Старинные буфетные часы захрипели, откашлялись и не спеша отсчитали восемь ударов.

Бритоголовый и усатый лакей Никанор, дремавший в углу, прислонясь к белой изразцовой печке, встрепенулся, протер салфеткой заспанные глаза, зевнул и, «пустив электричество» в среднюю люстру, принялся обряжать столы.

В руках у Никанора замелькали лебедиными крыльями белоснежные, туго накрахмаленные скатерти, зазвенели тоненьким чистым голоском хрустальные рюмки и стаканы, загрохотали тяжелые дубовые стулья.

На пороге боковой двери появился буфетчик, или, по-клубному, эконом, Тимофей Петрович, длиннобородый, солидный и благообразный, как соборный протодиакон.

Никанор подышал в глубокий фужер, вытер его и, посмотрев на свет, повернулся к вошедшему.

— А кто сегодня дежурный-то? — спросил он.

— Сидоревич.

Никанор опустил руки и горестно воскликнул:

— Господи! Позавчерась дежурил и снова…

Тимофей Петрович сочувственно махнул рукой.

— Любитель, — сказал он. — Что ему делается? За всех дежурит, кто ни попроси.

— Так ведь это что же?.. Одно остается: расчет просить. Ведь он меня со свету сживает.
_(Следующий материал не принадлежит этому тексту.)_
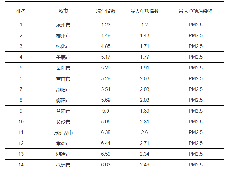 根據湖南省環境監測中心站提供的監測統計結果,按照環保部《城市環境空氣質量排名技術規定》(環辦〔2014〕64號)的要求,2016年1月,我省14個市州所在城市環境空氣質量排名情況如下:

Намедни за то, что жульен неподогретый подал, он меня на трешницу оштрафовал и дубиной обозвал…

— Это уж у него первое удовольствие… А ты не забывай, наука…

— Да ведь нешто все упомнишь? У меня четыре стола было и везде гости. Сами знаете.

Тимофей Петрович снова сочувственно махнул пухлой рукой и вздохнул.

— Нам тоже не слаще, — сказал он. — Во все нос сует и на кухню бегает.

— Вот Ирод азиатский! Прости, Господи! — заключил Никанор, с треском положил на стол последнюю вилку и пошел переодеваться в форменную темно-синюю куртку с золочеными пуговицами.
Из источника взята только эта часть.